New technologies and business models often challenge existing laws and regulations. However, the application of new technologies is not only limited to business — it is also employed by state and regional actors with ever-increasing potency.
A classic example is the information war waged online. In the past few years, people have seen totalitarian regimes use the open nature, freedoms and human rights protections of democratic societies to unleash an asymmetric campaign of misinformation online designed to blur the line between fact and fiction, truth and lies.
On the relatively benign end of the scale, this can involve attempts to influence the outcome of democratic elections, but in more serious cases, it can result in total paralysis of the democratic system.
From the 2016 US presidential election, the 2017 Brexit referendum and France’s 2017 presidential election, as well as the upcoming EU parliamentary elections, innovative technologies and new techniques are having an effect on politics the world over and eroding the foundations of democracy.
The question is: Faced with the ever-evolving nature of technology and an unpredictable online information war, what legal measures can be taken by democratic nations to strengthen their “immune systems” against such attacks, without hindering their ability to uphold the basic democratic and human rights of their citizens?
There is evidence from the US and Europe of Moscow using information warfare to influence the elections and politics of democratic societies.
What legal methods have European nations employed in response to Russian attacks?
The EU is well aware of how the information war has blurred the lines between war and peace.
It is becoming ever easier to launch an informational, societal and psychological “hybrid attack,” of which the online information war forms just one element.
As a result, three years ago, the EU established the European Center of Excellence for Countering Hybrid Threats.
What is a “hybrid attack” or “hybrid threat”?
The center defines hybrid threats as:
First, coordinated action that “deliberately targets democratic states’ and institutions’ systemic vulnerabilities through a wide range of means.”
Second, activities that exploit the “thresholds of detection and attribution, as well as different interfaces,” such as “war-peace, internal-external, local-state, national-international, friend-enemy.”
Third, activities that aim to “influence different forms of decisionmaking at the local (regional), state or institutional level to favor and/or gain the agent’s strategic goals while undermining and/or hurting the target.”
During the 2017 French presidential election, a hybrid attack occurred containing these characteristics.

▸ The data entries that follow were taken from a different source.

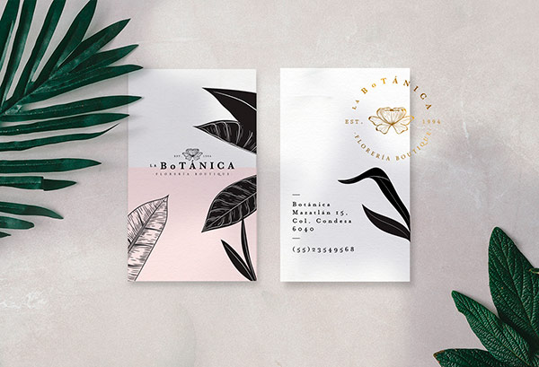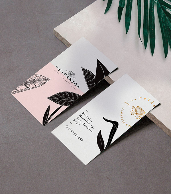 花店vi设计还是要以花为主要的设计方向,要体现简单大方。此款墨西哥城的花店vi设计正好体现了以上二个要求,它的LOGO以简单花朵为主,下面是英文的店名。名片设计更是体现了花店的品牌,用几片枝叶做了一下底部的衬托。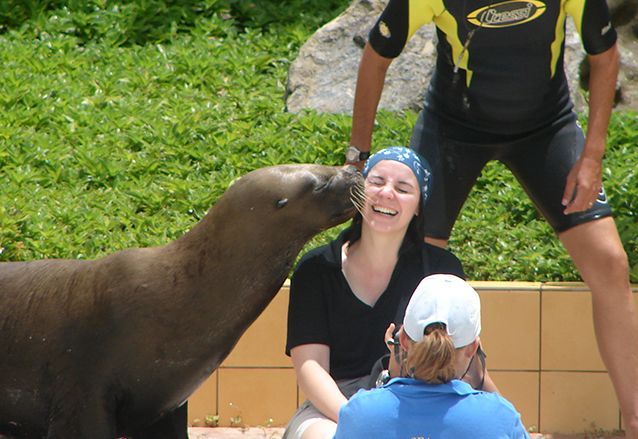 Ook zijn we nog een dagje naar het Seaquarium geweest, een Dolfinarium in het klein. Je kunt hier de bewoners van de zee rond Curaçao bewonderen en voeren. Ook zijn er voedershows en shows met dolfijnen en 1 zeeleeuw – ja, echt waar, er was er maar één. Maar hij kon wel lekker zoenen! Al hou ik niet zo van mannen met snor…….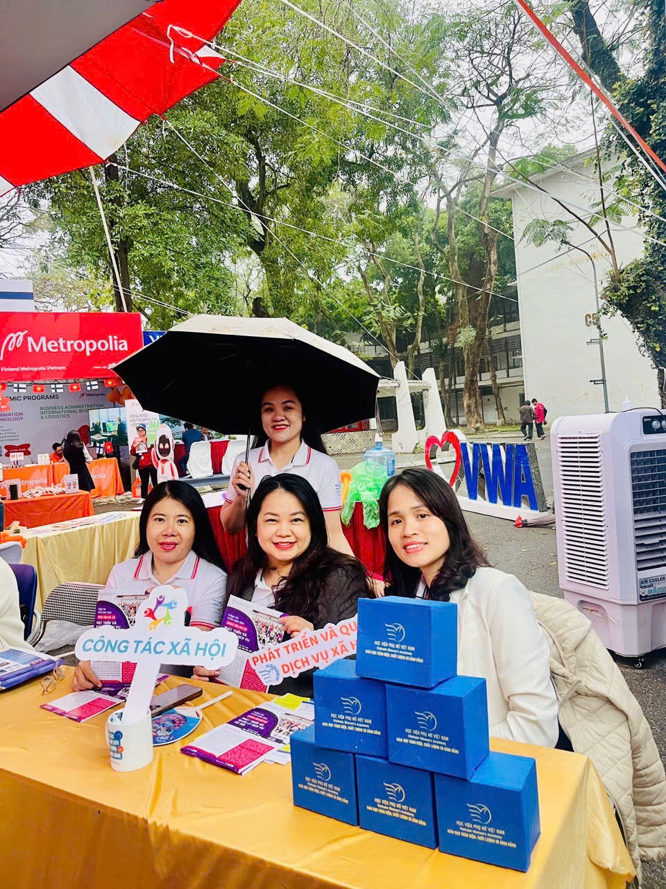 Tại gian hàng của Học viện Phụ nữ Việt Nam, đội ngũ giảng viên Khoa Công tác xã hội đã trực tiếp tư vấn, cung cấp thông tin về các ngành đào tạo của Học viện nói chung và ngành Công tác xã hội nói riêng. Các thầy cô giới thiệu chi tiết về chương trình đào tạo, phương pháp giảng dạy theo định hướng ứng dụng, gắn kết chặt chẽ giữa lý luận và thực hành; các hoạt động thực tập, kiến tập tại cơ sở; cũng như cơ hội việc làm đa dạng sau khi tốt nghiệp. Đồng thời, các hoạt động nghiên cứu khoa học sinh viên, câu lạc bộ và các chương trình hợp tác với tổ chức trong nước, quốc tế cũng được giới thiệu nhằm giúp học sinh hiểu rõ hơn về môi trường học tập năng động của sinh viên Khoa Công tác xã hội.
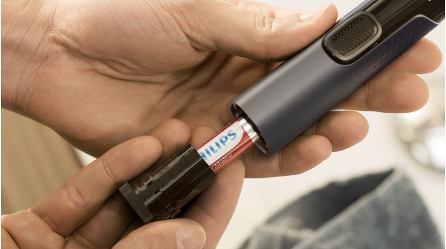 Baterie AA inclusa in pachet Acest aparat de tuns functioneaza cu o baterie AA care este inclusa in cutie; asadar, aparatul tau de tuns este imediat gata de utilizare. Pentru a schimba bateria, deschide dispozitivul rotind usor partea inferioara spre stanga. Trage partea inferioara spre tine, pentru a accesa compartimentul pentru baterii. |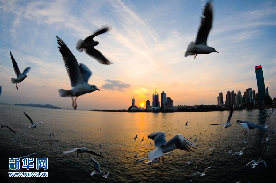 1月10日,水鳥在青島棧橋景區(qū)一帶飛翔。當(dāng)日,山東省青島市天氣晴好,黃昏時(shí)分沿海一帶景色迷人。 新華社發(fā)(王海濱 攝)

According to French electoral law, all campaign activities should cease several hours before voting starts, but a post appeared on a far-right social media organization operating outside of France. Attached to it was 9 gigabytes of data on then-presidential candidate Emmanuel Macron.
The data — which included Macron’s e-mail address, documents and photographs — contained information that sought to implicate Macron in alleged overseas money laundering.

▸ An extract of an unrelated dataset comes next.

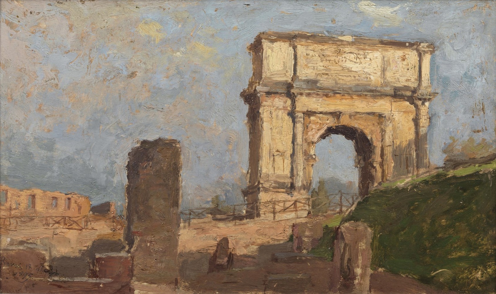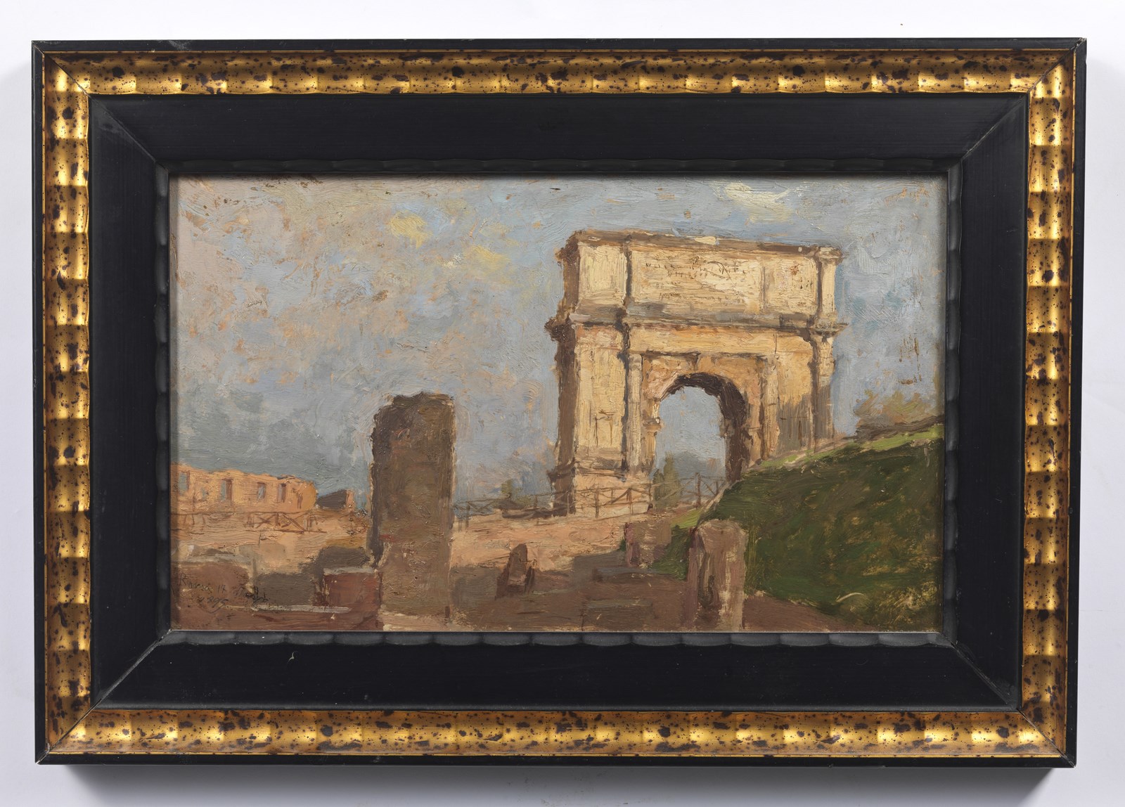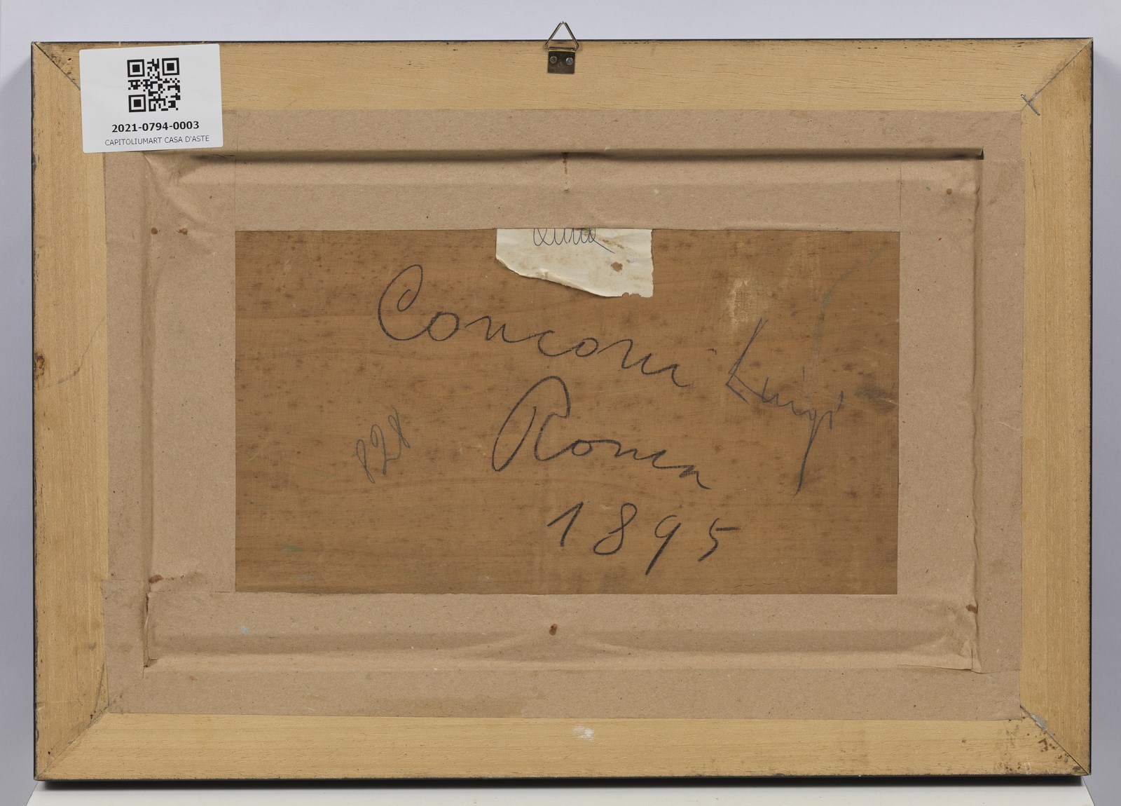 CONCONI LUIGI (1852 - 1917) Paesaggio romano. Olio su tavoletta. Cm 31,00 x 19,00. Datato 1895 in basso a sinistra. Al retro firmato e datato. . Cornice presente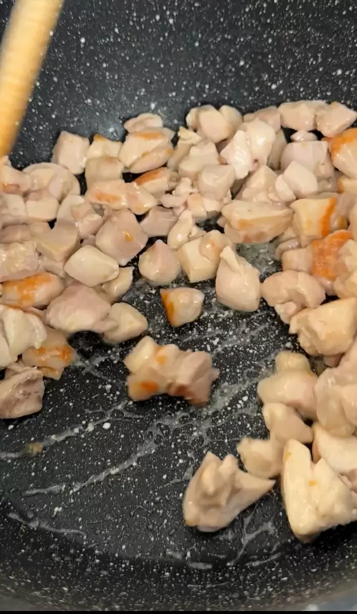Первым делом куриные бедра нарезают мелкими кусочками и обжаривают на растительном масле до золотистого цвета. Затем к ним добавляют нарезанные кубиками картофель, морковь и лук. Все это необходимо тушить около 10 минут, добавив специи.

The post, which appeared to have originated from a genuine e-mail address, was appended with the hashtag #MacronLeaks and quickly began trending on social media.
Just minutes before the campaign ended, Macron’s team released a statement that his e-mail had some time ago been hacked and said that the hackers had embedded fake documents among real stolen information to sow confusion.

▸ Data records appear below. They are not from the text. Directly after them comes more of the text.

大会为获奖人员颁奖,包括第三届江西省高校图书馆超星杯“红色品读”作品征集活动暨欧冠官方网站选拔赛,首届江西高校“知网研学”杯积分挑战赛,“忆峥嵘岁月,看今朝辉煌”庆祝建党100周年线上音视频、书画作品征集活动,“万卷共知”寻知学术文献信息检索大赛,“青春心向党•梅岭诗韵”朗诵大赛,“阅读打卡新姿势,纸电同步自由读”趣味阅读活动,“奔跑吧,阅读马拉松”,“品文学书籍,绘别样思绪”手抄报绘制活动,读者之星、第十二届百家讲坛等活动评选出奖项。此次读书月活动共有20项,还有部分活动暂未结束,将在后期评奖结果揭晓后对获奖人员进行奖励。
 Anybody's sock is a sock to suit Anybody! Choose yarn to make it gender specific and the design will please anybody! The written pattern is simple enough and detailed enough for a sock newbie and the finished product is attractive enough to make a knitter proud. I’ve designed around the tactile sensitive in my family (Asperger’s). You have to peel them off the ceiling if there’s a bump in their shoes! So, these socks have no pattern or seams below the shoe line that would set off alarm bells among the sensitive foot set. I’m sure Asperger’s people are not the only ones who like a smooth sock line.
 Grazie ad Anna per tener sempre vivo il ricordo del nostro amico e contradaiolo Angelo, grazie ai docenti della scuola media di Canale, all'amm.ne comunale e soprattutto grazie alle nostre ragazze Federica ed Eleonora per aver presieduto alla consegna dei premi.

The Macron camp, forced to clear his name within the few remaining minutes of campaigning, was spooked by the attack. The incident provided the impetus for the Law Against the Manipulation of Information.
The law allows political parties or electoral candidates to apply to a court for an injunction to prevent the spread of suspected fabricated information up to three months before the beginning of an election. Judges are required to make a decision within 48 hours of an application.
The law also gives the French Superior Council of the Audiovisual — similar in function to Taiwan’s National Communications Commission — the power to shut down a television channel if it is deemed to be under the control or influence of a foreign power.
The law has been controversial, attracting a great deal of debate in France, and only time will tell whether it is an effective tool against the spread of fake news.
Nevertheless, it is crucial that democratic societies are fully aware of the important part the online information war plays within the wider hybrid threat, that they tighten up the law where necessary and remain flexible when drawing up new policies.
Christy Chiang is an associate professor of intellectual property law at National Taipei University of Technology.